Codon Usage and Splice-Site Tables Available From AAtDB

Published in Probe Volume 2(3): Fall 1992


Dr. J. Michael Cherry and Dr. Sam Cartinhour Department of Molecular Biology
Massachusetts General Hospital
and Department of Genetics
Harvard Medical School
Boston, MA

The ACeDB software used by the Arabidopsis thaliana database, AAtDB, includes several DNA and protein analysis utilities. Shown here are two examples, which were produced by the ACeDB software.

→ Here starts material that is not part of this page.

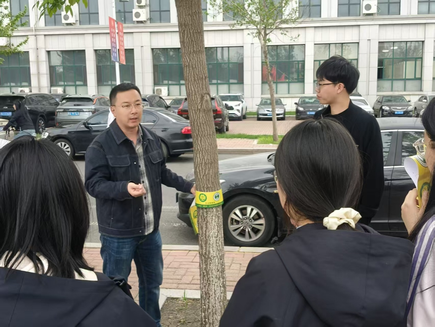 活动中,田镇齐、陈志强老师在现场展示如何标准粘贴胶带,同时向同学们讲解此次物理防控的原理。为保障同学们的安全,两位老师全程陪同,对同学工作进行纠正,同学们对防控树木拍照记录监控树木健康情况。

The utilities make use of the GenBank/EMBL features to identify coding regions and splice-site junctions. The software does not search sequences for these features. Both the splice-site table and the codon usage table can be determined either for all Arabidopsis sequences in the database or any user defined subset. As new sequences are added, it becomes an easy matter to recalculate the tables.

The RNA splice-site consensus utility uses the GenBank/EMBL features table entries to identify exon-intron junctions. The utility tabulates the results. The example provided in Table 1 was produced using all the Arabidopsis sequences currently found in AAtDB. The table is a frequency distribution. To find the most probable 5' exon-intron sequence, for example, simply find the highest frequency nucleotide for each position. In this example, the consensus sequence is: AAAG | GTAAGTT.

The codon usage table shown in Table 2 was also produced using all Arabidopsis sequences currently in AAtDB. The ACeDB utility relies in this case on the GenBank/EMBL feature tables to identify the protein coding regions. The results are then tabulated. (See Table 2.)